Posted tagged ‘Coloring book’

“I lied on my Weight Watchers list. I put down that I had 3 eggs… but they were Cadbury chocolate eggs. “

March 27, 2015

Home again, home again jiggety-jig! My connection problems are a thing of the past. Happy, happy!

The weather is getting colder. I was lulled into a false sense of spring when we actually reached 50˚ on Wednesday, but Mother Nature is now cackling and rubbing her hands in glee at having duped me. They, as in weathermen, are saying possible snow showers on Saturday so spring is still in the wings.

It is raining again today, and the dampness chills the bones. Francisca and I, however, are intrepid souls, and are going out when I finish here to a few shops and to the Zion Union Heritage Museum.

I give my two friends an Easter basket and have already bought trinkets for them and am hoping for a couple of more when I shop today. Some are useful while others are just whimsical. The candy I’ll buy next week. I think I’d be too tempted to eat it if it were already around the house. We, as kids, always had inexpensive chocolate. We didn’t care. Candy was candy. Now, I buy it all at the candy store.

Our Easter baskets were the best. There was candy: a chocolate rabbit which was a tradition and a necessity, jelly beans which always tasted the same no matter the color, big, hard colored beans with white in the middle and the filler candy like a little rabbit or a chocolate egg. Small toys were also in the basket. I remember yo-yos, paddle balls, a box of crayons, an Easter coloring book, a stuffed animal, usually a small rabbit, and even a pail and shovel. The grass which covered the bottom was always plastic and the rabbit with missing eaten ears used to stick to the grass. The adult me thinks it sort of gross, but the kid me didn’t care and just pulled the grass off rabbit.

Easter will come as it must, but it will not be in spring unless all of the vestiges of winter disappear.

“My childhood smells like a box of Crayola crayons.”

October 19, 2010

‘Tis a dreary day, cloudy and still. Last night was cold and some of it has lingered into the morning. Gracie’s coat feels chilly when she comes inside the house. Weekdays are quiet in my neighborhood.

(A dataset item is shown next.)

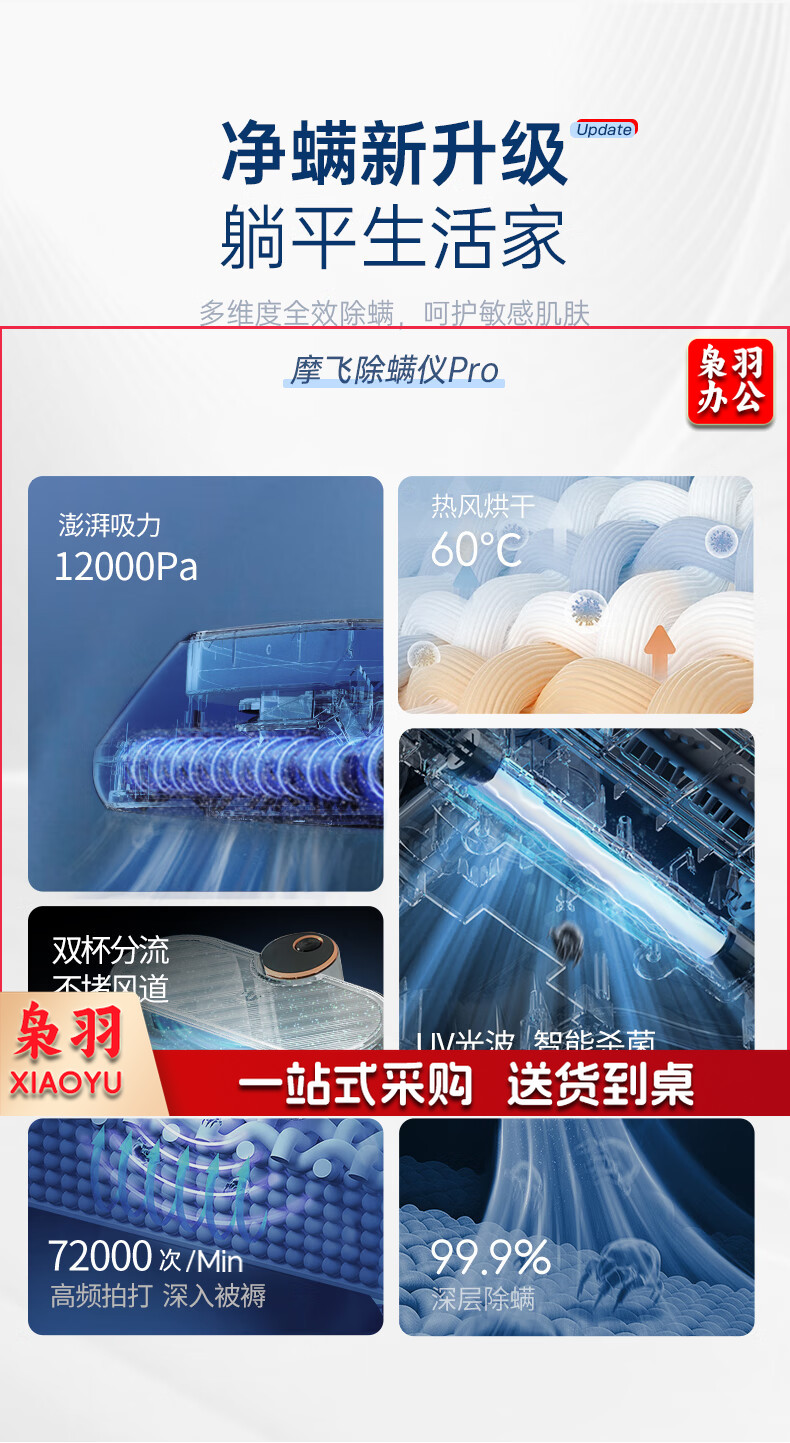 摩飞电器(Morphyrichards)除螨仪 双杯家用手持吸尘除螨机 大吸力床上拍打去螨虫机 热风祛湿紫外线杀菌机MR3101

My crayons were kept in a cigar box. The inside top and sides of the box were a panoply of colors. My crayons ranged from full size to barely big enough to hold. I never threw crayons away. I just couldn’t. I’d tear off the paper as they got smaller and smaller and then choose by hue rather than name. Every Christmas we’d find a familiar green and yellow box in our stockings. Nothing but Crayola Crayons would do. Any others were mere imitators. I liked it when the box came with a sharpener. Crayons with points made it easier to stay in the lines. I always thought white was a wasted color. I couldn’t see it on the coloring book page, and I had to run my finger over the spot to feel the crayon marks. The Christmas coloring books always had lots of pages of Santa with his white beard and his red suit trimmed in white, and I’d use my white crayon for the sake of my art.

By the time my Christmas crayons had become mere stubs, I’d get a new box in my Easter basket. Easter coloring books were my favorites. The eggs could be one or even multi-colored. The Easter Rabbit always wore a short jacket and most times I’d color it blue. I think the reason was the Peter Rabbit influence.

The biggest box of Crayola crayons was 64 when I was a kid. It had neat colors like forest green and, one of my personal favorites, raw umber, which no longer exists in a crayon box. Legions of kids will no longer know the color of umber.

I have some sets of crayons. One is a commemorative set of all the colors, including those retired over time. Raw umber is there along with lemon yellow and maize. That box is a keepsake, a piece of my childhood.

For Halloween this year, I am giving out boxes of crayons. I never give out candy; kids get enough of it everywhere else. The box is a small one with just five crayons, but five colors are enough to fill in just about any page in a coloring book.